BACKGROUND OF THE INVENTION1. Field of the Invention
The present invention relates to a method and apparatus for encoding and decoding residual data when performing scalable encoding and decoding of a video signal.
2. Description of the Related Art
Scalable Video Codec (SVC) is a scheme which encodes video into a sequence of pictures with the highest image quality while ensuring that part of the encoded picture sequence (specifically, a partial sequence of frames intermittently selected from the total sequence of frames) can be decoded and used to represent the video with a low image quality. Motion Compensated Temporal Filtering (MCTF) is an encoding scheme that has been suggested for use in the scalable video codec.
Although it is possible to represent low image-quality video by receiving and processing part of a sequence of pictures encoded in the scalable MCTF coding scheme as described above, there is still a problem in that the image quality is significantly reduced if the bitrate is lowered. One solution to this problem is to provide an auxiliary picture sequence for low bitrates, for example, a sequence of pictures that have a small screen size and/or a low frame rate.
The auxiliary picture sequence is referred to as a base layer, and the main picture sequence is referred to as an enhanced or enhancement layer. Video signals of the base and enhanced layers have redundancy since the same video signal source is encoded into two layers. To increase the coding efficiency of the enhanced layer according to the MCTF scheme, one method converts each video frame of the enhanced layer into a predictive image based on a video frame of the base layer temporally coincident with the enhanced layer video frame.
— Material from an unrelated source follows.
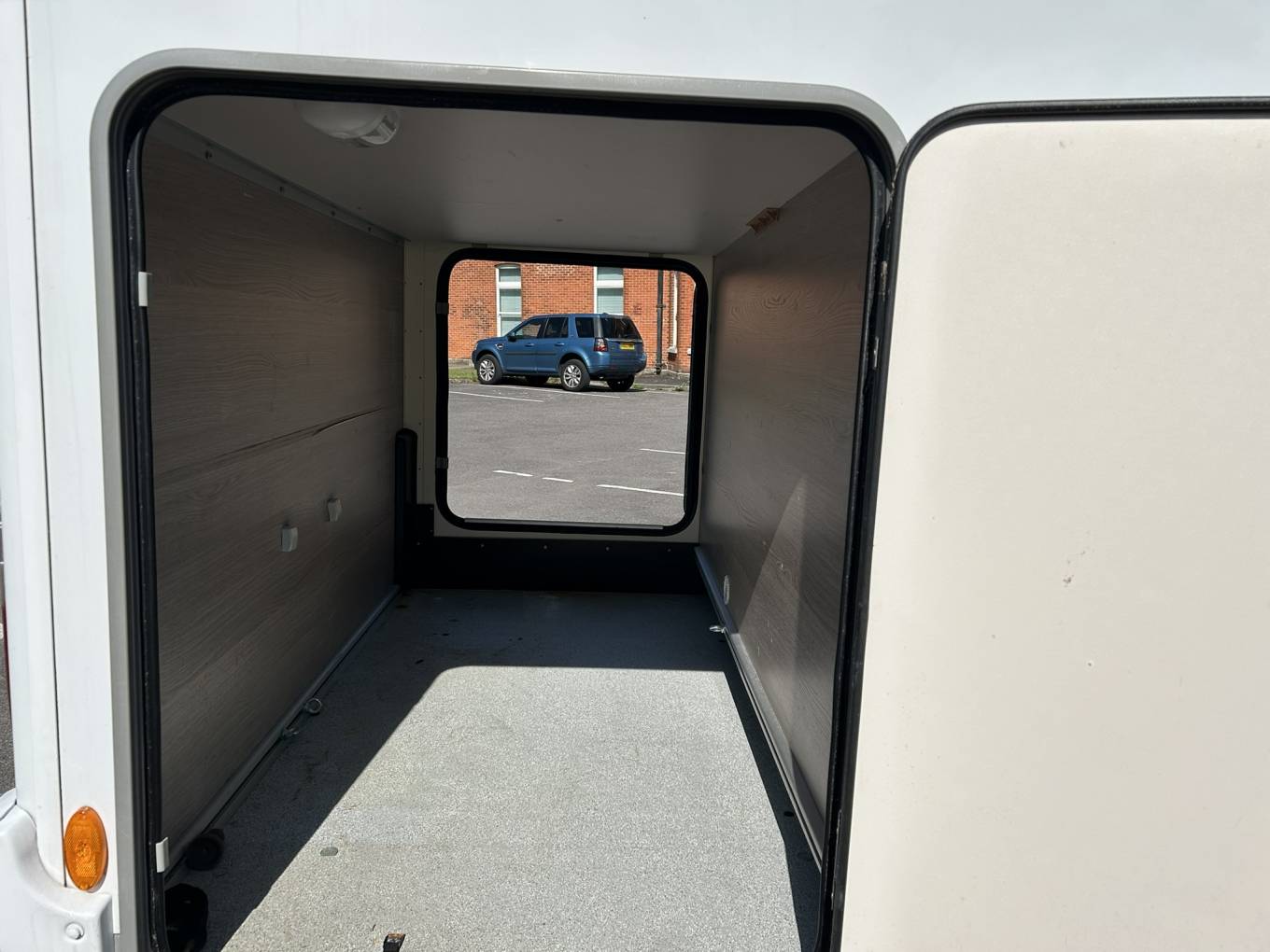 Outside the van is a large garage 800mm x 1070mm opening and a bike rack.

Another method codes motion vectors of a picture in the enhanced layer using motion vectors of a picture in the base layer temporally coincident with the enhanced layer picture.
The image block coding procedure of
If a base layer frame has a smaller size than an enhanced layer frame, the corresponding block BM10 or BM11 or a corresponding area C_B10 or C_B11, which would be a block spatially co-located with the image block M10 or M12 if it were enlarged, is enlarged by the frame size ratio, and it is determined whether to code the residual data of the image block into a difference from residual data of the enlarged block EM10 or EM11.
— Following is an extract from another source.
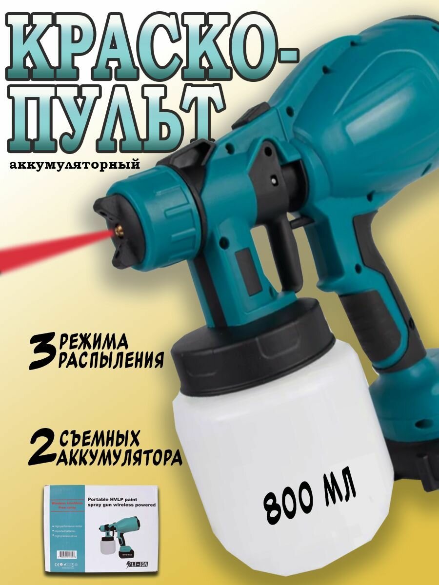 Краскопульт электрический, Пистолет распылитель краски 2 аккумулятора 48 Вт интересное:

The determination as to whether to code the image block into the residual difference is made according to a cost function based on the amount of information and the image quality. If it is determined that the image block is to be coded into the residual difference, residual difference data is obtained by subtracting residual data of the enlarged corresponding block EM10 or EM11 from the residual data of the image block, and the obtained residual difference data is coded into the current block M10 or M12. This process is referred to as a residual prediction operation. Then, a flag “residual_prediction flag”, which indicates whether or not the current block has been coded into the residual difference, is set to “1” in a header of the current image block.
For each block with the flag “residual_prediction_flag” set to “1”, a decoder reconstructs original residual data of the block by adding residual data of a corresponding block of the base layer to residual difference data of the block, and then reconstructs original image data of the block based on data of a reference block pointed to by a motion vector of the block.
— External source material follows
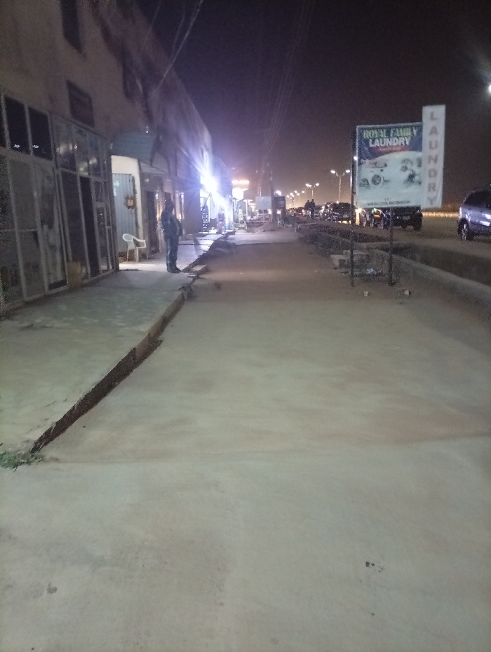 At night, a street scene features a wide sidewalk alongside a road with sparse traffic. Buildings line the left side of the image, exhibiting closed storefronts. A person stands near the buildings, observing the scene. A large sign advertising "Royal Family Laundry" is prominently displayed. Overhead wires crisscross the sky, illuminated by streetlights. The pavement is cracked and uneven, while the overall lighting casts long shadows.

SUMMARY OF THE INVENTIONTherefore, the present invention has been made in view of such circumstances, and it is an object of the present invention to provide a method and apparatus for encoding/decoding a video signal in a scalable fashion, which eliminates information indicating whether or not residual prediction has been performed to reduce the amount of information, thereby increasing scalable coding efficiency.
In accordance with one aspect of the present invention, the above and other objects can be accomplished by the provision of a method and apparatus for encoding a video signal, wherein the video signal is encoded according to a scalable MCTF scheme to output a bitstream of a first layer while the video signal is encoded according to a specified scheme to output a bitstream of a second layer, and, when the video signal is encoded according to the scalable MCTF scheme, a prediction operation is performed on an image block included in an arbitrary frame of the video signal to produce residual data of the image block, and the residual data of the image block is selectively coded into difference data from residual data of a block, spatially corresponding to the image block, in a frame temporally coincident with the arbitrary frame and included in the bitstream of the second layer, based on the difference between coding information of the image block and coding information of the corresponding block.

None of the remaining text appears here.